Join host Ronnie Lipschutz as he speaks with Dr. Suzanne Simard, Professor of Forestry and Conservation Sciences about the social life of trees. Her new book, Finding the Mother Tree–Discovering the Wisdom of the Forest, has just been published. According to Simard, communication between trees happens not in the air but deep below our feet in an incredibly dense, complex network of roots and chemical signals. … “In a single forest, a mother tree may be connected to hundreds of other trees.”
Here is what Bookshop Santa Cruz wrote about Simard: “Suzanne Simard is a pioneer on the frontier of plant communication and intelligence; she’s been compared to Rachel Carson, hailed as a scientist who conveys complex, technical ideas in a way that is dazzling and profound…. Simard writes—in inspiring, illuminating, and accessible ways—how trees, living side by side for hundreds of years, have evolved, how they perceive one another, learn and adapt their behaviors, recognize neighbors, and remember the past; how they have agency about the future; elicit warnings and mount defenses, compete and cooperate with one another with sophistication, characteristics ascribed to human intelligence, traits that are the essence of civil societies—and at the center of it all, the Mother Trees: the mysterious, powerful forces that connect and sustain the others that surround them.”

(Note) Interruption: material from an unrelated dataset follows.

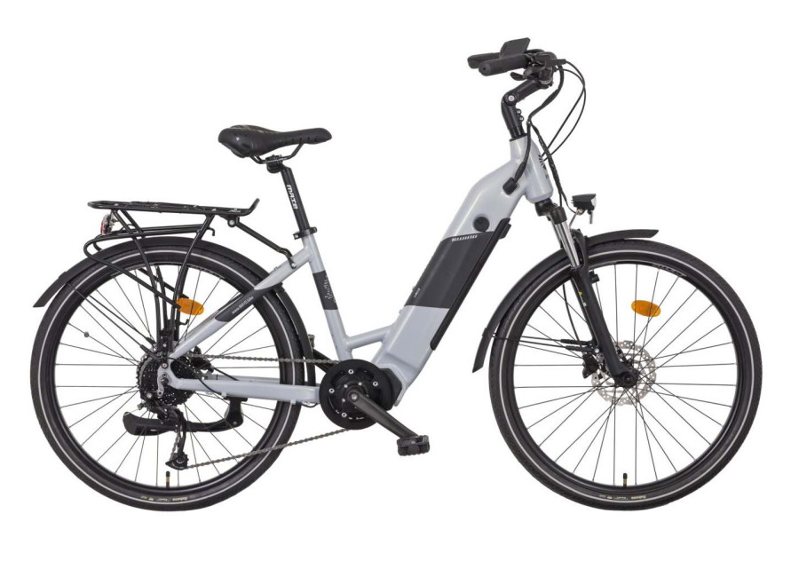 City elektrokolo Mayo e-XR Swing Tour D je moderní e-kolo, které má hliníkový rám AL6061 velikosti 16,5" s integrovanou baterií ve spodní rámové trubce. O podporu při jízdě se stará středový motor integrovaný v konzole s torzním snímačem a krouticim mometem až 80Nm.

You can learn more about Simard’s work in “The Social Life of Forests,” New York Times Magazine, Dec. 2, 2020, and at The Mother Tree Project. If you search for “Suzanne Simard” on You Tube, you will turn up a dozen videos, including a TED talk, about her work.
The articles referred to in the show are:
Lincoln Taiz, et al, “Plants Neither Possess nor Require Consciousness,” Trends in Plant Science 24, #8 (August 2019): 677-87
Michael Pollan, “The Intelligent Plant,” The New Yorker, December 23, 2013.